Current machine learning approaches are not fit to optimize the movement of people or goods around the globe. These systems fail to predict the future of an increasingly complex and volatile economy.
Causal AI separates signal from noise in dynamic, complex time-series data, enabling transportation and logistics companies to forecast and control the future.
Transport and logistics companies operate vast, geographically diverse networks. Inefficiencies can easily creep in, and opportunities can go unnoticed. Organizations can look to Machine Learning to reveal value in their data, but current AI techniques are often inadequate:
Forecasts based on standard machine learning techniques only extrapolate from historical trends, making them fragile to new market entrants, product line changes and macroeconomic shocks. causaLens uncovers the true causal structure behind the supply chain to create predictive causal models for any supply chain metrics. These models autonomously adapt up to three times faster than current state-of-the-art machine learning to disruptions in the marketplace. CausalNet, causaLens’ proprietary inference engine, delivers actionable insights that include but also go beyond just SKU predictions and sales forecasts, directly solving business problems by, for example, providing dynamically updated optimal warehouse layouts.

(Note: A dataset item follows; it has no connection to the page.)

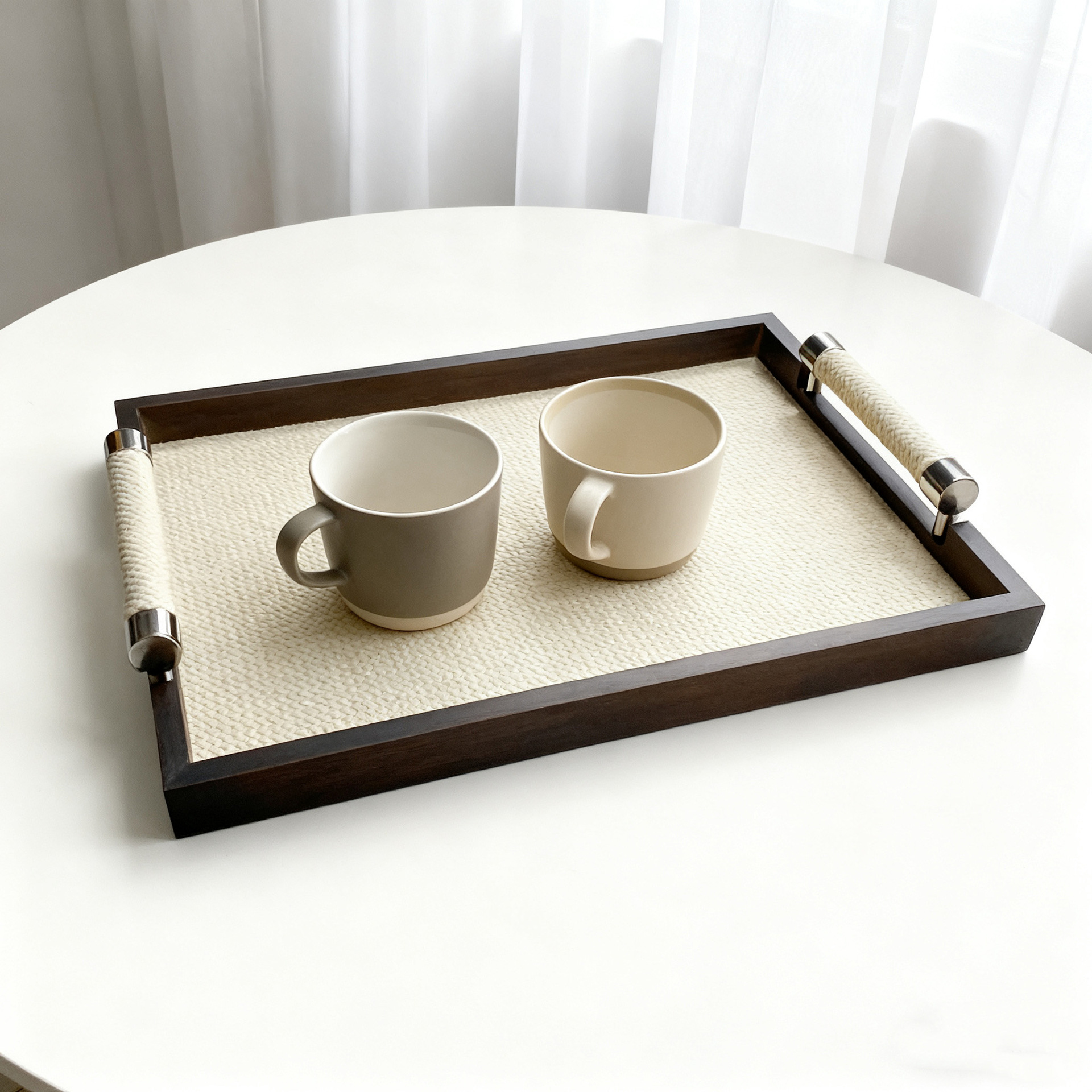 Simple and Luxurious Walnut Veneer Tray Tissue Box Matchinging Model Room Storage Tray Living Room Coffee Table Soft Decoration Ornaments
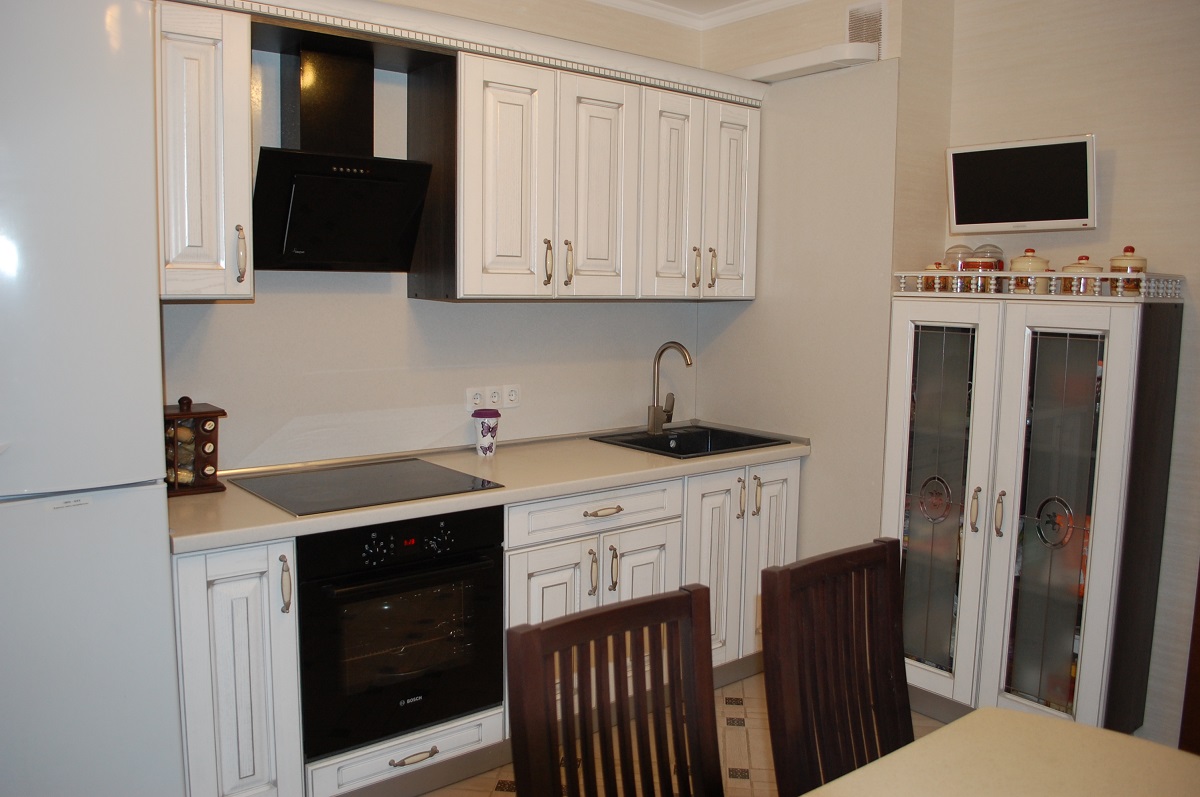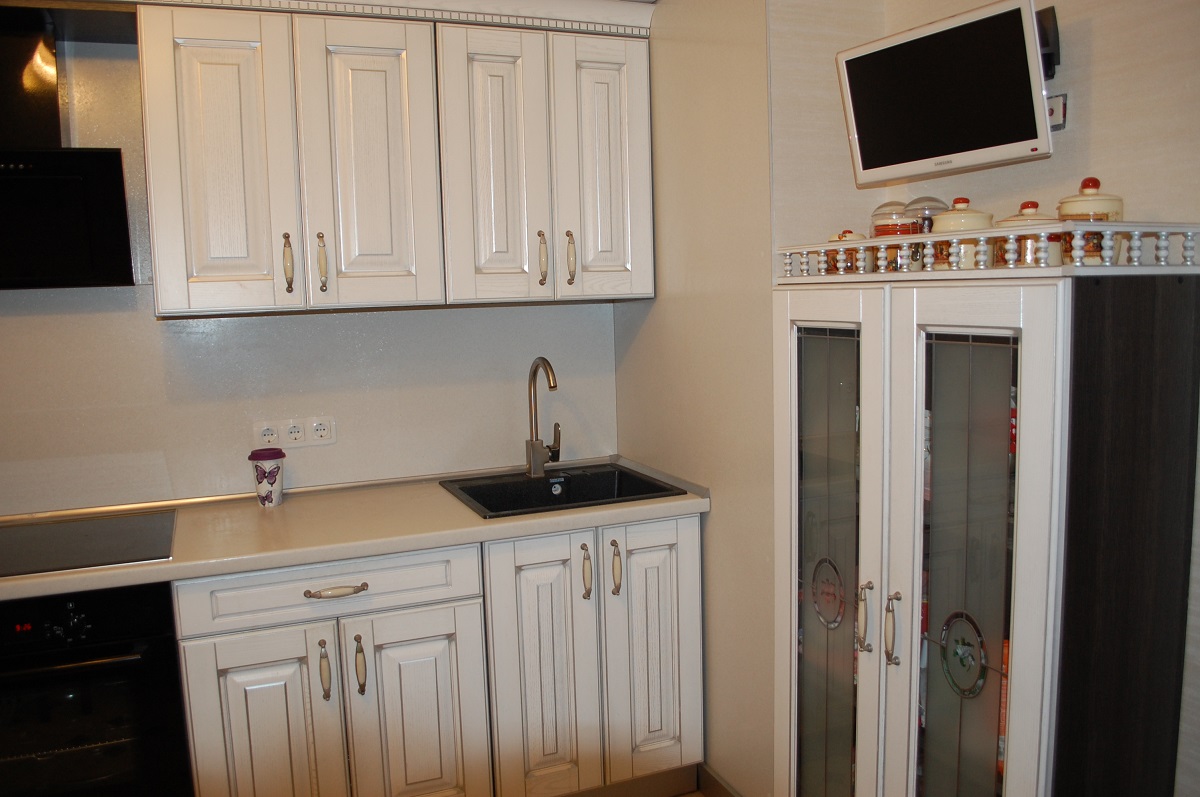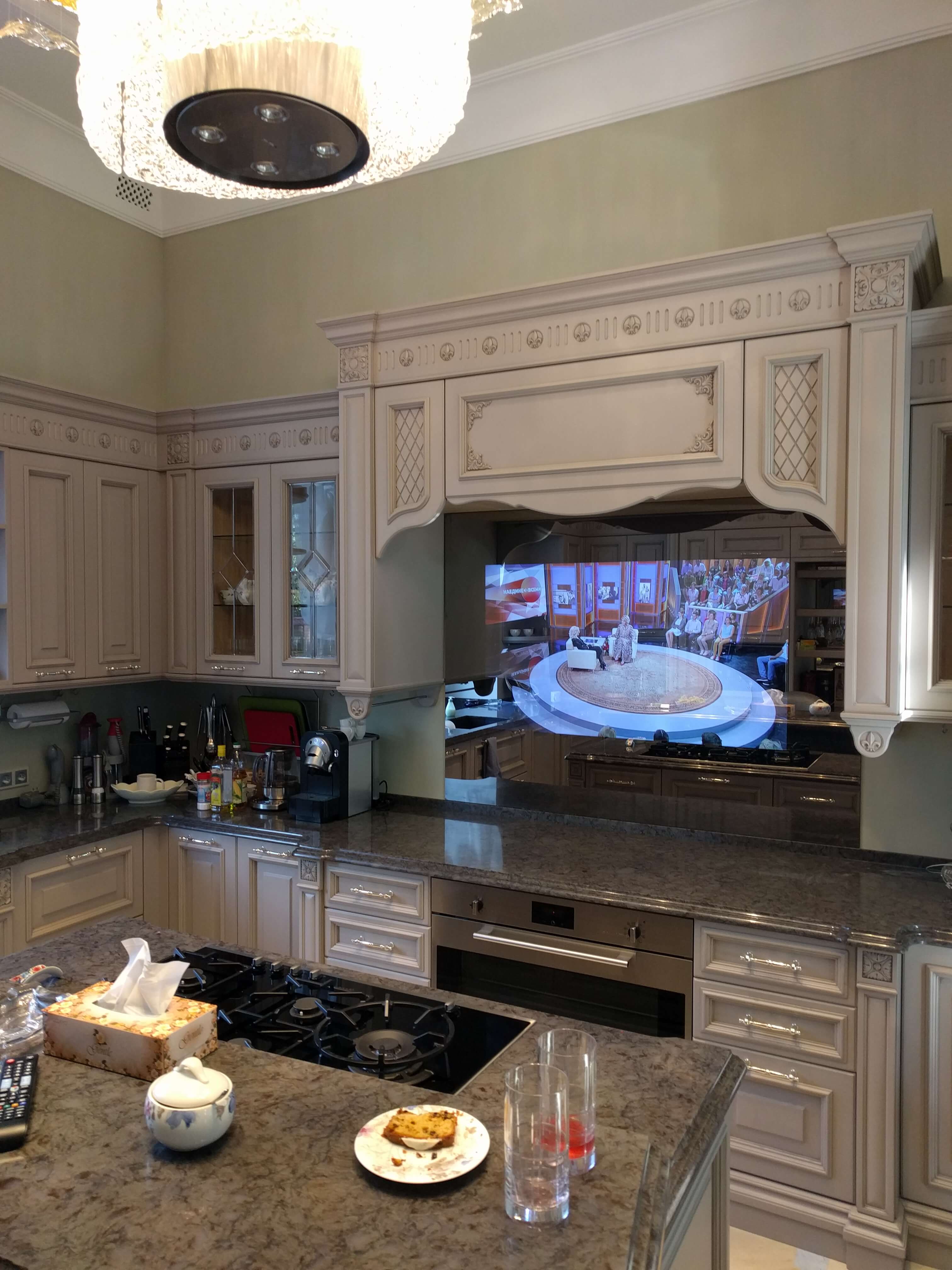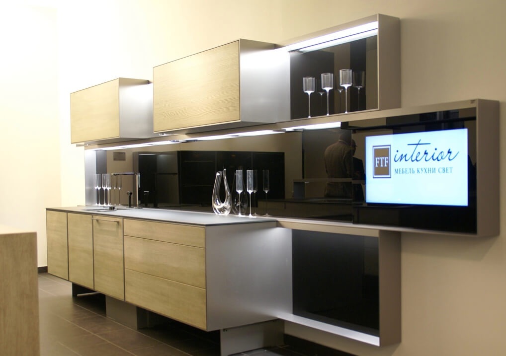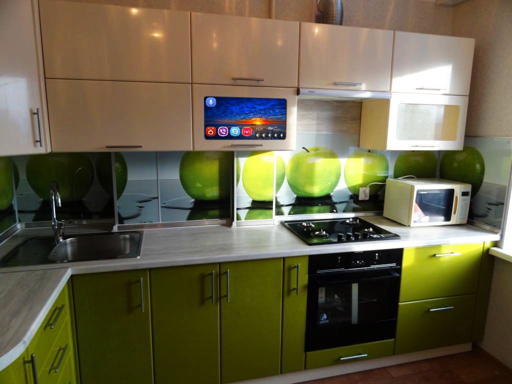 A escolha da altura também é importante, a parte superior do veículo deve estar ao nível dos olhos.. Se o espectador principal é a anfitriã que prepara a comida em pé, a tela deve ser colocada mais alta. Se for incluído apenas durante o almoço e jantar, quando toda a família se senta à mesa - abaixo.

Volatility in the freight industry, driven by financial and trade turbulence, implies an enormous premium for accurate changepoint detection. Current predictive methods rely on historical statistics and are therefore often caught out by new behaviours. causaLens uses cutting-edge AI Causal Discovery to uncover the true structure behind freight rates, taking into account the evolving relationships between shipping cycles, consumer sentiment and macroeconomic changes. CausalNet, causaLens’ proprietary inference engine, delivers actionable insights to directly optimise business KPIs, such as how to simultaneously satisfy all bookings whilst maximising margins.

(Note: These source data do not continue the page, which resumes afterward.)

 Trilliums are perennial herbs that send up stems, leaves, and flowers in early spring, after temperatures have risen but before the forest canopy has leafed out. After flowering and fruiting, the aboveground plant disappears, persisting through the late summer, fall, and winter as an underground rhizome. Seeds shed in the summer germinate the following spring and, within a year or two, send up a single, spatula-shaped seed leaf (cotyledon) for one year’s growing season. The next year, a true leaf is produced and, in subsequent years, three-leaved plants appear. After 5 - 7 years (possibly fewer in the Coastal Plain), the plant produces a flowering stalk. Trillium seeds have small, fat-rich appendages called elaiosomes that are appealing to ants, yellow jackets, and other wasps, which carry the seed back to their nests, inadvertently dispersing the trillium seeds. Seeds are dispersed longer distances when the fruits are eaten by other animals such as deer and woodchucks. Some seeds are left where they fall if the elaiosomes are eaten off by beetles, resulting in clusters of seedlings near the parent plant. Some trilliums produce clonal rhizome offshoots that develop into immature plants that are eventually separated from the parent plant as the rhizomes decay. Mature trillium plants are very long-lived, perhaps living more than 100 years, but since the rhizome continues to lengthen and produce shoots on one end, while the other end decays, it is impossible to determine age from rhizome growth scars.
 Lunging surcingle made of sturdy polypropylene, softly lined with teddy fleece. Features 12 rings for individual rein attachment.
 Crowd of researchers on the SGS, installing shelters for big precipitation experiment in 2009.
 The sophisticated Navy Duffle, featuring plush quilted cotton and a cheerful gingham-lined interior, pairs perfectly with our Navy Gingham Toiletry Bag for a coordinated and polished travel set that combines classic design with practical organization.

Last mile and on-demand delivery present challenges as well as opportunities. The secular trend towards e-commerce implies significant growth potential, but consumers have high standards and competition is fierce. AI promises logistics companies an edge, but current machine learning solutions are business blind, with results that are often not directly actionable. causaLens’ solution includes, but goes beyond, dynamic demand forecasting. CausalNet, our proprietary inference engine, directly solves delivery problems. For example, it can autonomously determine the optimal allocation of orders across the fleet in real time.